▶ [THE TASK] Give the lines again exactly as they appear below, from the line with "With a lift" to the line with "4月11日,财政部会计司公布", both included, and only those lines. Leave every picture out.

▶ [Items from a dataset]
BEGIN

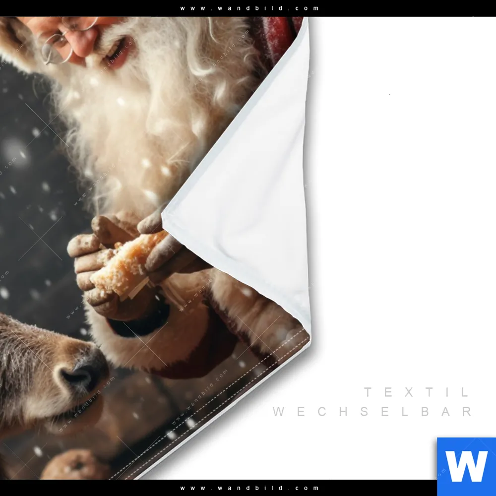 Wechselmotiv Textil | Weihnachtsmann füttert Rentier | Querformat
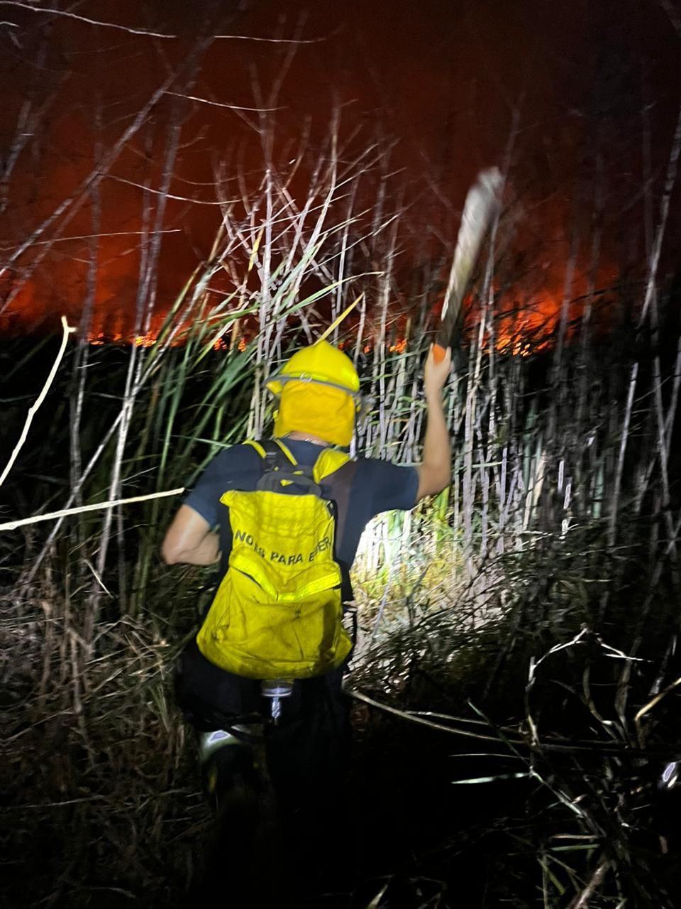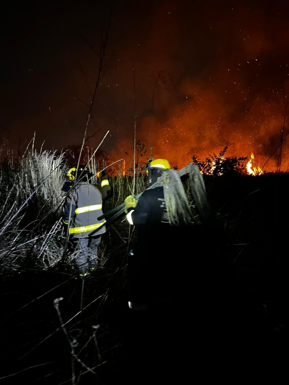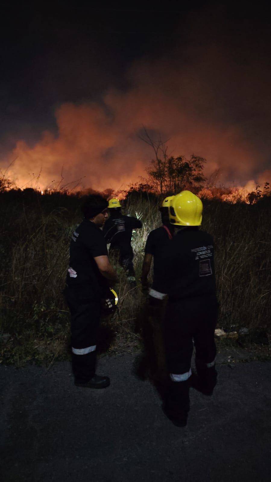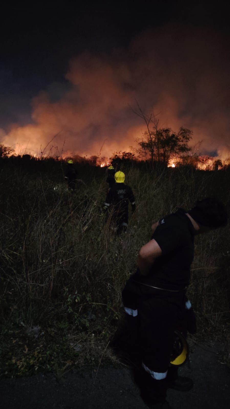 Veracruz, Ver.- Personal del Heroico Cuerpo de Bomberos y de Protección Civil municipal de Veracruz atienden el incendio de un pastizal en la zona del fraccionamiento Nuevo Veracruz, que también abarcó parte de Las Bajadas y Albatros, y que había sido controlado previamente, antes de que los equipos se trasladaran a atender otro conato en la zona de Xana.
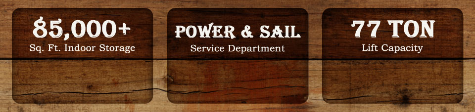 With a lift capacity of 77 tons, our marine service yard offers heated and unheated storage facilities, along with accommodations for outdoor mast-up sailboat storage. Besides our 77 ton marine travel lift, we also have a 40 ton self-propelled Con-O-Lift hydraulic trailer, a 20 ton Con-O-Lift hydraulic trailer, a 20 ton hoist, and crane and fork lifts. Our yard can service and store boats from 13 feet to 70 feet in length. We pride ourselves on offering competitive, quality service for both power and sailboats.
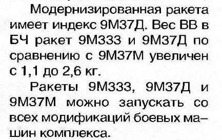 (17/24) The most obvious difference is the number of laser fuse windows has been doubled from 4 to 8 to improve capability against small targets. Older missiles can be upgraded to 9M333 standard as 9M37Ds by replacing the seeker, warhead, and fuse sections.
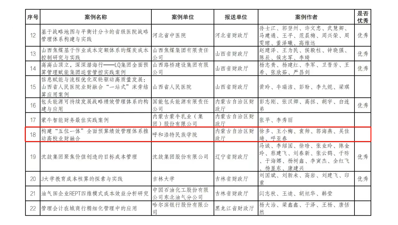 4月11日,财政部会计司公布2023年度优秀管理会计案例征集和遴选结果,鸭脖财务处副处长徐多主持撰写的案例《构建“五位一体”全面预算绩效管理体系推动高校业财融合》成功入选。此次内蒙古自治区共入选3篇案例,鸭脖是唯一入选的区直高校。
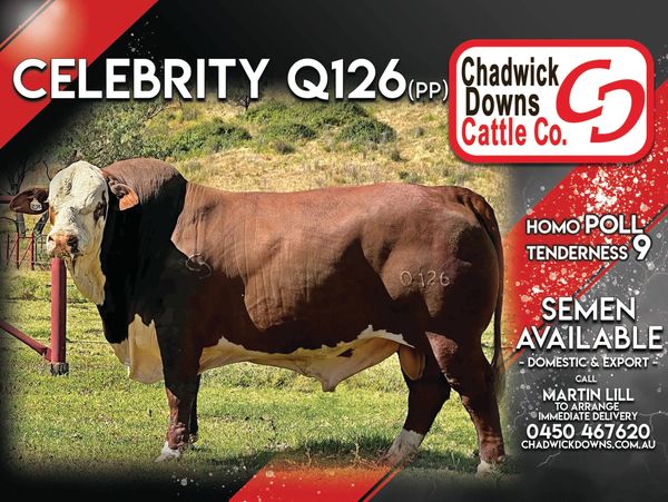 Celebrity Q126 has taken off on the international market; breeders are loving his body length, thickness and character. His first sons are at Chadwick are consistent, deep and stylish.
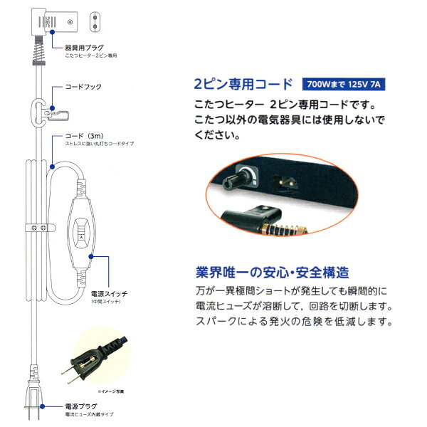 ※現在、お使いのこたつコードまたはヒーターユニットの型番からお取替え可能なこたつコードをご確認ください ※製品の詳細についてはメーカーサイトにて改めてご確認ください ※特殊なプラグ形状にはご使用いただけない場合があります ※こたつ以外の電気器具には使用しないでください ※交流100Vで15A以上単独でご使用ください METRO メトロ電気工業 こたつコード3m こたつヒーター 2ピン専用 中間スイッチ付 BC-2PL(A) 【数量限定】 ●破損や劣化時の交換品として ●電源スイッチ付 ベーシックで使いやすいロングセラー商品。 ●業界唯一の安心構造 電源プラグに電流ヒューズを内蔵。万が一、異極間でショートが発生しても瞬時に電流ヒューズが溶断し回路を切断するので、スパークによる発火の危険を低減します。 ●安心安全 2つの特徴 ・電源プラグに電流ヒューズを内蔵 ・ストレスに強い丸打ちコードタイプ ●2ピン専用コード(700Wまで 125V 7A) こたつヒーター 2ピン専用コードです。こたつ以外の電気器具には使用しないでください。 定格:AC125V 7A 電源コード:丸打ちコード 安全装置:電流ヒューズ コードの長さ:3m 【送料について】 沖縄ならびに離島配送不可、北海道など一部地域におかれましては、別途、追加送料等が必要な場合がございます。
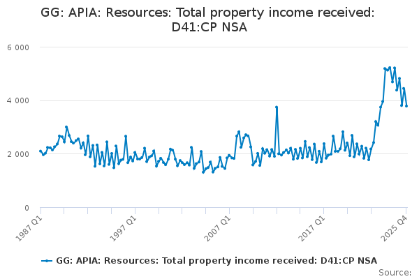 Download this time seriesGG: APIA: Resources: Total property income received: D41:CP NSA
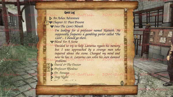 然后他会请求你去城外的一个地点来帮助他回复以前的记忆。开启BLOOD A STONE任务。不过这个任务你没有必要做
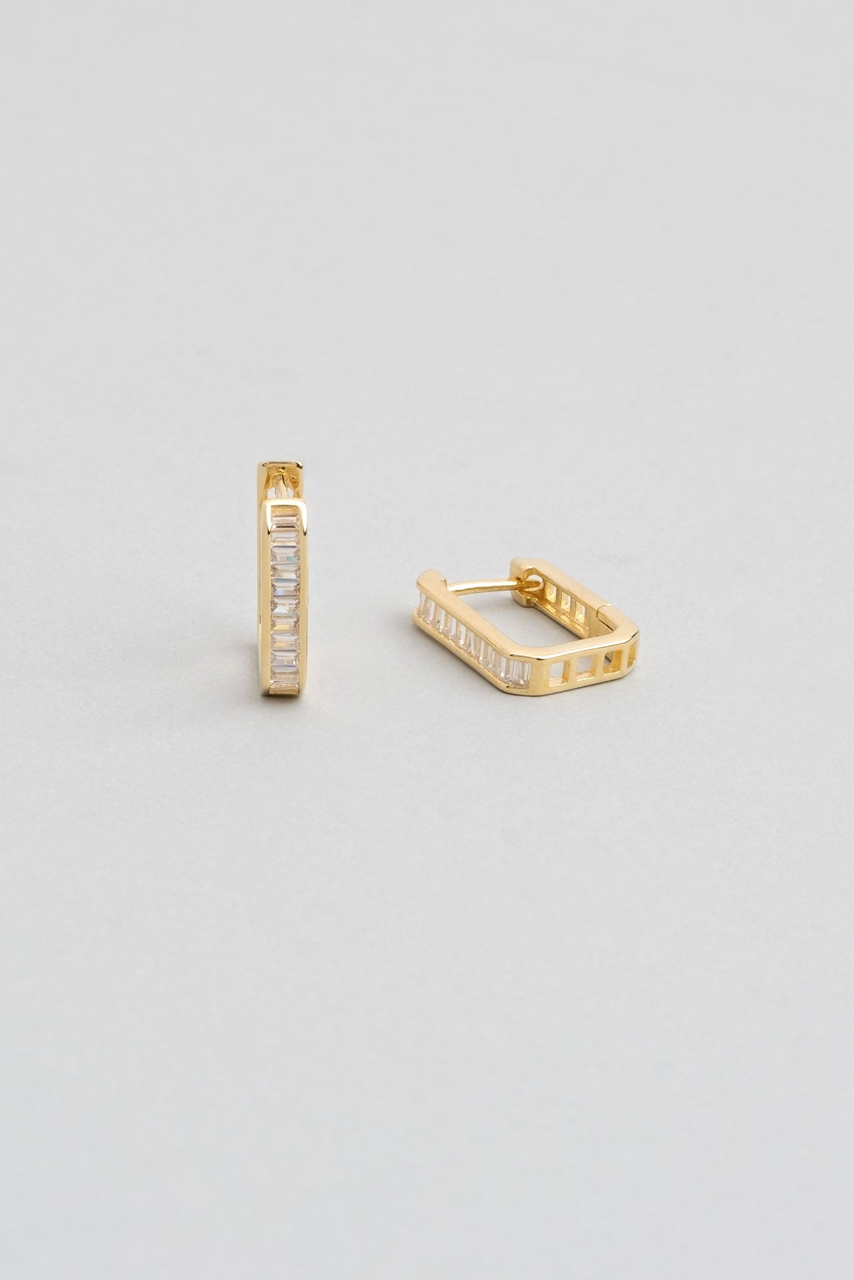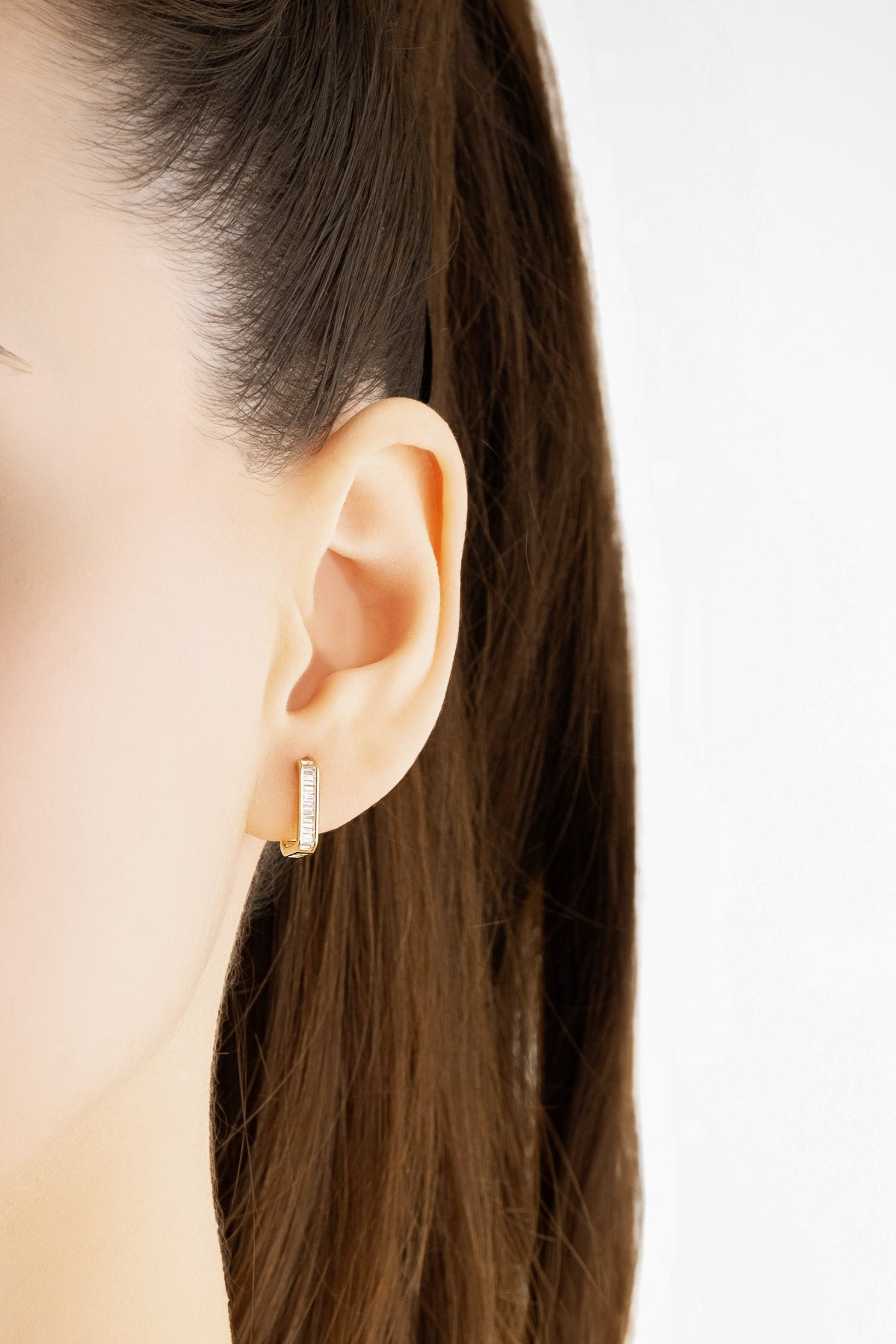 Baget Taşlı 18 Ayar Sarı Altın Kaplama Gümüş Kare Küpe 5135060144
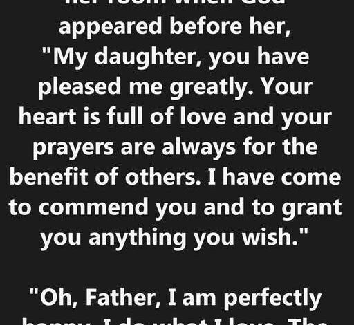 “My daughter, you have pleased me greatly. Your heart is full of love and your prayers are always for the benefit of others. I have come to commend you and to grant you anything you wish.”
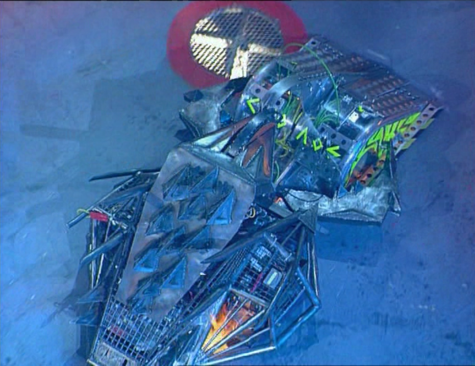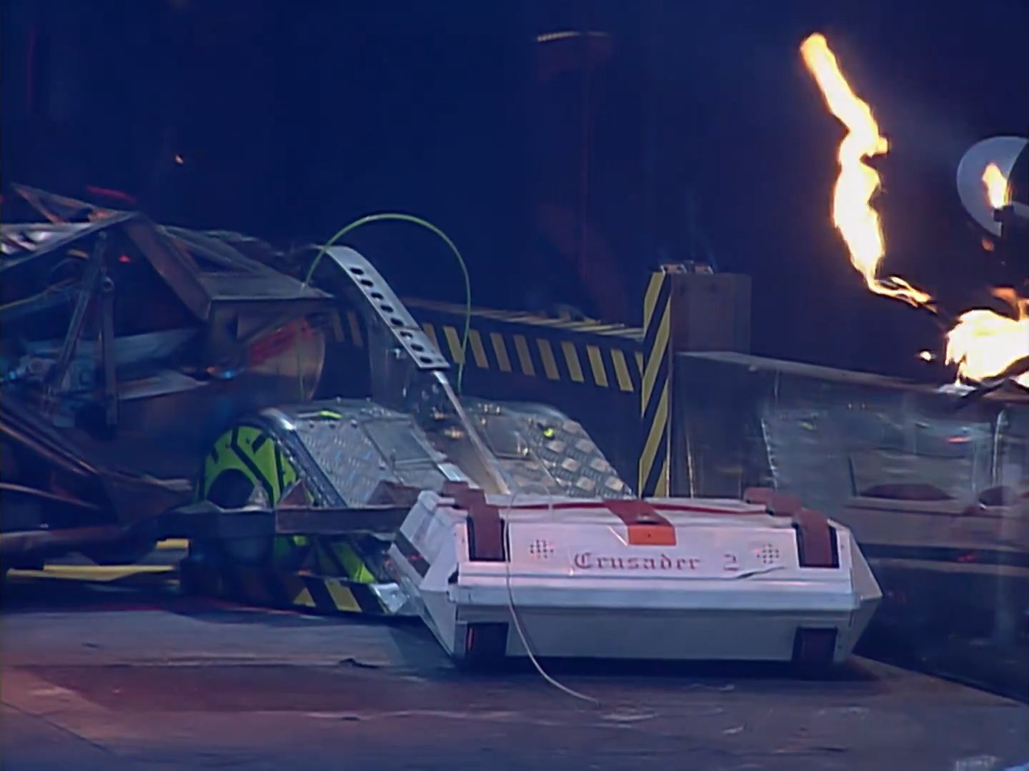 After a poor start, Steg 2 started attacking Cronos and managed to flip it over, but Cronos simply rolled back over. Cronos joined Crusader 2 in an attack on Steg 2, but was caught by Dead Metal. Crusader 2 shoved it back into the House Robot once it escaped. Cronos was unable to escape, and Sir Killalot came in and crumpled part of the front, before dropping Cronos into the Pit of Oblivion.
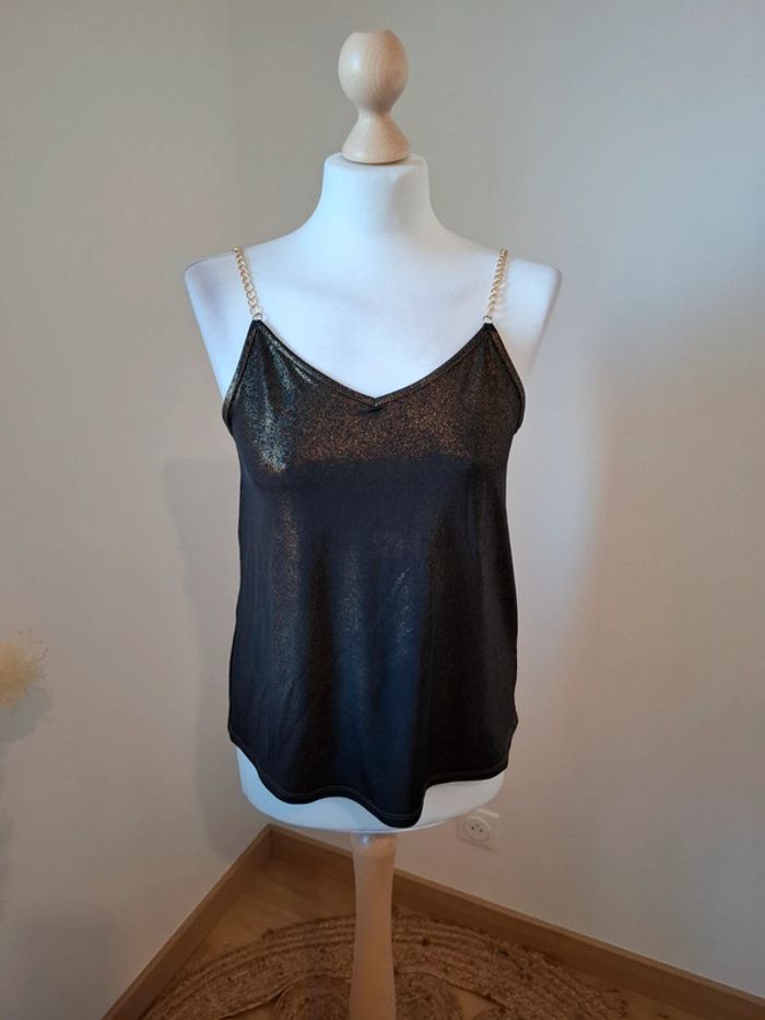 Débardeur noir/doré pailleté K Woman taille S 36 - photo numéro 7
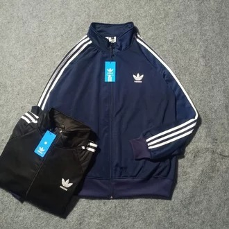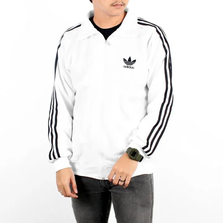 Jaket Tracktop Casual Pria Blue Stripe Putih - Jaket Olahraga Unisex Pria Wanita Navy
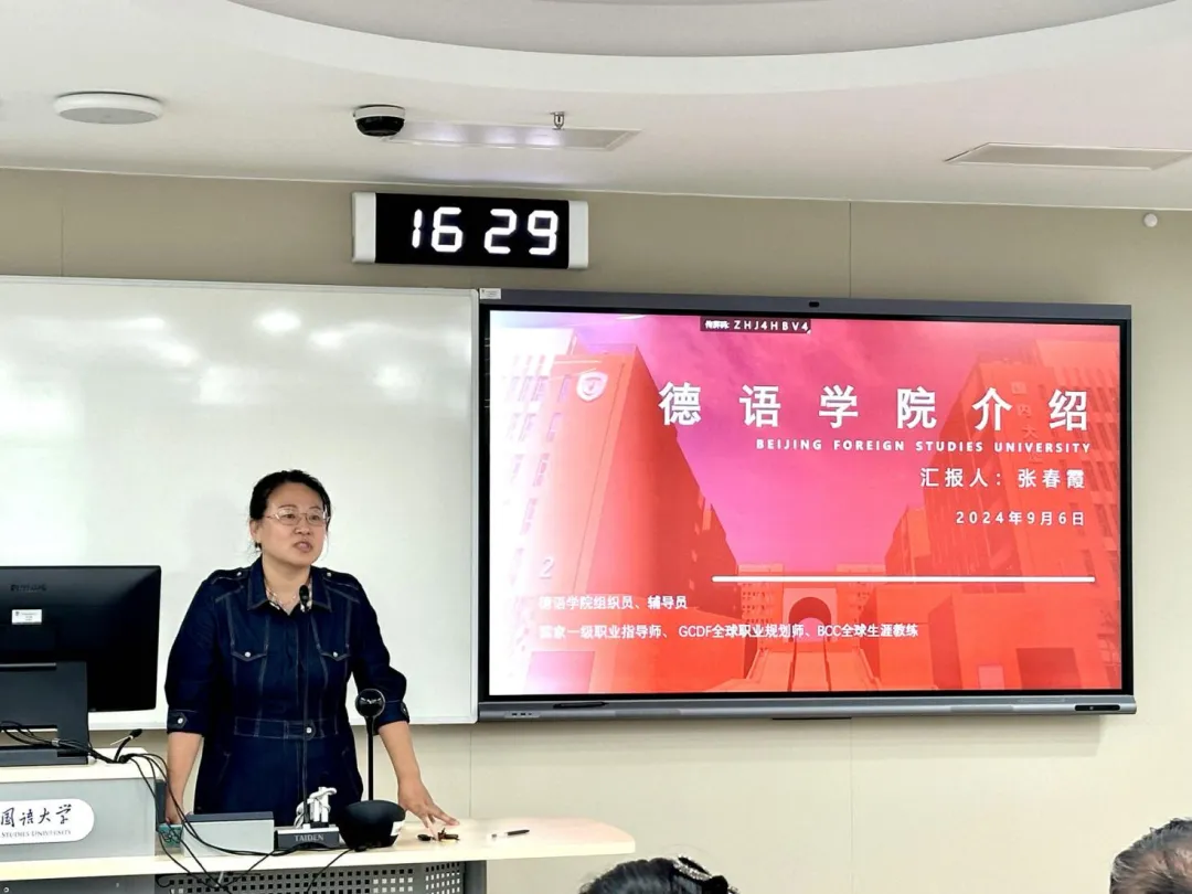接下来,党总支组织员、辅导员张春霞介绍了sunbet申搏近年来的毕业生就业及心理健康教育情况。她分析了当前德语专业就业形势,介绍了毕业生国内升学、国外(境外)升学及就业求职等需要的素质和要求。向家长们提出,同学们在大学四年中应认真对待德语专业的学习,既要在课堂上认真学习,也要在课外勤于练习。她还强调,同学们应该善于利用公司提供的平台和资源,不断锻炼自己的能力,以更好地应对未来的挑战。
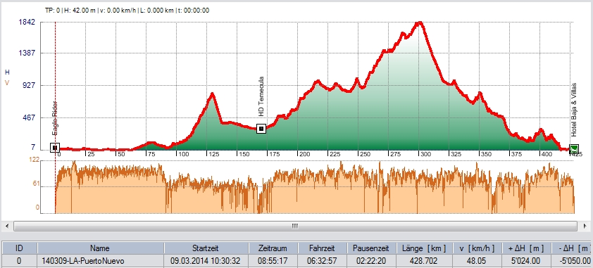 Nach dem Tanken fuhren wir weiter abseits der grossen Interstates und Highways auf kleineren sehr kurvenreichen Strassen süd(ost)wärts nach Tecate an die mexikanische Grenze. Der Grenzübertritt ging reibungslos und zügig von statten und danach fuhren wir südwestwärts Richtung Pazifikküste. Die grosse Grenzstadt Tijuana liessen wir dabei rechts liegen. Das letzte Stück der Strecke war recht mühsam zu fahren, denn wir fuhren direkt in die tiefstehende Sonne hinein, was doch sehr blendete und die Sicht auf die Strasse und das vorausfahrende Bike recht hinderte.

END

▶ [FINAL ANSWER]
 With a lift capacity of 77 tons, our marine service yard offers heated and unheated storage facilities, along with accommodations for outdoor mast-up sailboat storage. Besides our 77 ton marine travel lift, we also have a 40 ton self-propelled Con-O-Lift hydraulic trailer, a 20 ton Con-O-Lift hydraulic trailer, a 20 ton hoist, and crane and fork lifts. Our yard can service and store boats from 13 feet to 70 feet in length. We pride ourselves on offering competitive, quality service for both power and sailboats.
 (17/24) The most obvious difference is the number of laser fuse windows has been doubled from 4 to 8 to improve capability against small targets. Older missiles can be upgraded to 9M333 standard as 9M37Ds by replacing the seeker, warhead, and fuse sections.
 4月11日,财政部会计司公布2023年度优秀管理会计案例征集和遴选结果,鸭脖财务处副处长徐多主持撰写的案例《构建“五位一体”全面预算绩效管理体系推动高校业财融合》成功入选。此次内蒙古自治区共入选3篇案例,鸭脖是唯一入选的区直高校。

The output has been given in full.